Creating Events by Start and End Times

Rather than using Pamguard’s built in tools, it is also possible to specify events for your data using start and end times. To process your data this way, run processPgDetections with mode = 'time' and provide the event time data in the grouping argument. In this case all detections in the binary files between the start and end times will be included in your data.

Minimum Requirements

Event times can be provided either as a csv file or as a dataframe that is already loaded into R. In either case there are three required columns for each event: start, end, and id. The start and end columns must contain these times in UTC since this is the time that Pamguard works with, and the id column will be the id name for that event, these should be unique. Times can overlap, and you can specify as many events as you like.

NOTE: PAMpal needs the times to be in POSIXct, and will try to convert character dates appropriately. This can be tricky, especially when reading from csv files (Excel has a fun habit of automatically changing your date formatting). You can either do this conversion yourself first in R (if supplying a dataframe), or use the format argument to specify how the dates should be converted. If PAMpal tries to convert the date using format, it will print out the start time of your first event and ask you to confirm that it has been converted correctly. See ?strptime for more details on how format should be specified.

NOTE: The id column should not be used for species id, it should be a unique id to label each event. See below for species identification.

Optional Columns

There are also three optional columns you can provide: species, db, and sr. The species column is simply used to assign a species id to a specific event, if it is known (this is entirely optional).

The db and sr columns are slightly more complicated, and usually do not need to be provided manually. PAMpal uses the Pamguard database to match the appropriate sample rate to a detection based on the time of the detection. Since you can add multiple databases to one study, PAMpal needs to sort out which databases belong to which events.

It will attempt to do this based on the times of the events and the times in the Sound_Acquisition table of the databases (this is currently the only table that has any relevant time information), and if it isn’t able to sort it out you will be prompted to select which event belongs to which database (this will happen if you have two databases with overlapping time coverage, for example). If no database matches an event (rare), then you will also be asked to supply the sample rate (in hertz) to use for all detections in that event.

PAMpal will save all of these database and samplerate selections, and the full grouping dataframe used is stored in your resulting AcousticStudy object.

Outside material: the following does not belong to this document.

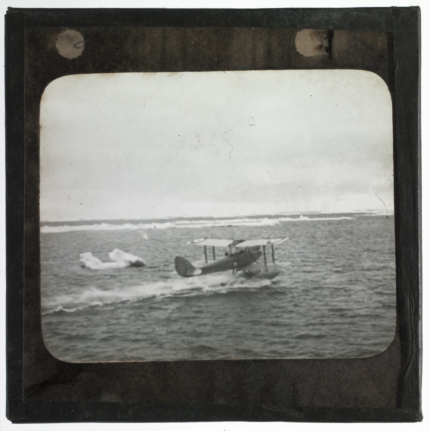 Lantern slide of the Gipsy Moth seaplane, Antarctica.

You can take a look, with the following code:

myStudy <- processPgDetections(myPps, mode='time', grouping=myGrouping)
ancillary(myStudy)$grouping

And if you need to run this same data again in the future you can provide this grouping file to avoid having to select databases again:

newStudy <- processPgDetections(myPps, mode='time', grouping=ancillary(myStudy)$grouping)

All Other Columns

Any other columns in your event grouping file will not be used for anything by PAMpal, but they will be stored with the AcousticStudy object in case there is other useful information there you wish to keep. The entire row of the grouping file for each event is stored in the ancillary slot of each AcousticEvent, similar to how the full grouping dataframe is stored in the AcousticStudy.

# This is just the relevant row for the first event
oneEventGrouping <- ancillary(myStudy[[1]])$grouping

One example of why you might want to do this is with the dataframe created by the readSpecAnno function from the PAMmisc package. This function reads in the Spectrogram Annotation tables from a database, and these tables contain frequency bounds fmin and fmax for your annotated boxes. When using this table to processPgDetections with mode='time', the frequency limits are not used to filter out detections outside of that frequency range, but you can access them later and use PAMpal’s filter function to remove detections outside those frequency ranges if desired.

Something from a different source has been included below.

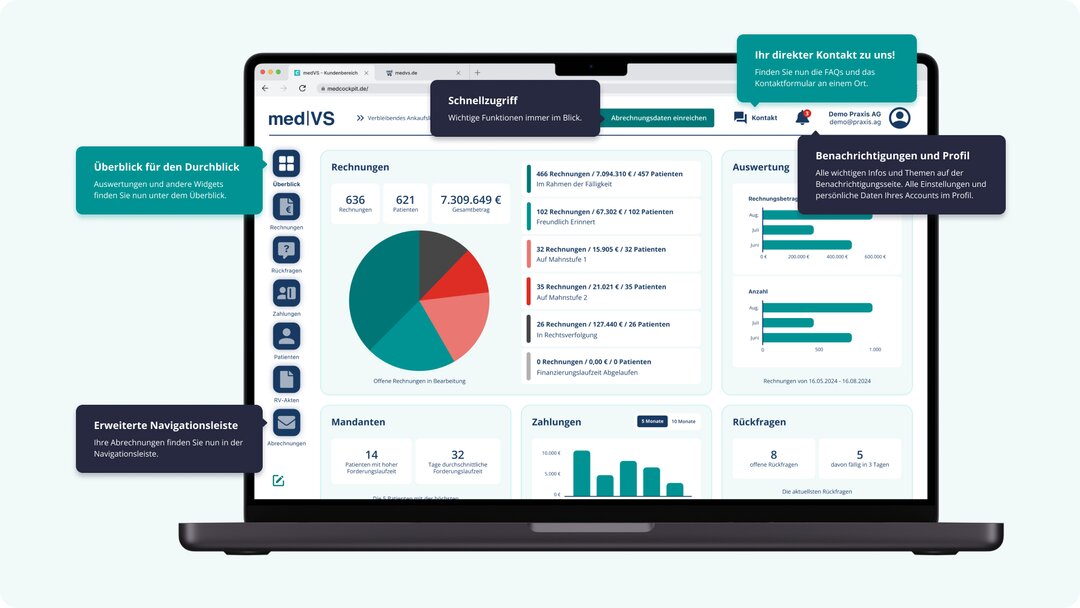 Das MedCockpit wurde im Hinblick auf visuelle Darstellung und Nutzerfreundlichkeit einer umfangreichen Überarbeitung unterzogen. Alle Funktionalitäten bleiben bestehen, wurden aber zum Zweck einer intuitiveren und flüssigeren Bedienung verbessert und um weitere sinnvolle Funktionalitäten ergänzt. Im Nachfolgenden geben wir eine kurze Übersicht über die wichtigsten Updates und deren Vorteile:

# This contains columns id, start, and end by default
sa <- readSpecAnno(db)
myStudy <- processPgDetections(myPps, mode='time', grouping=sa)
# Now we can use the stored grouping information to filter
filtStudy <- myStudy
for(i in seq_along(events(filtStudy))) {
    # Read out the grouping info for each event, which has fmin and fmax
    thisGrouping <- ancillary(filtStudy[[i]])$grouping
    # Filter using whistle detection parameters freqBeg and freqEnd (Hz)
    # and click detections using peak (kHz)
    filtStudy[[i]] <- filter(filtStudy[[i]],
                            freqBeg > thisGrouping$fmin,
                            freqBeg < thisGrouping$fmax,
                            freqEnd > thisGrouping$fmin,
                            freqBeg < thisGrouping$fmax,
                            peak > thisGrouping$fmin / 1e3,
                            peak < thisGrouping$fmax / 1e3,
                            UTC + duration < thisGrouping$end)
}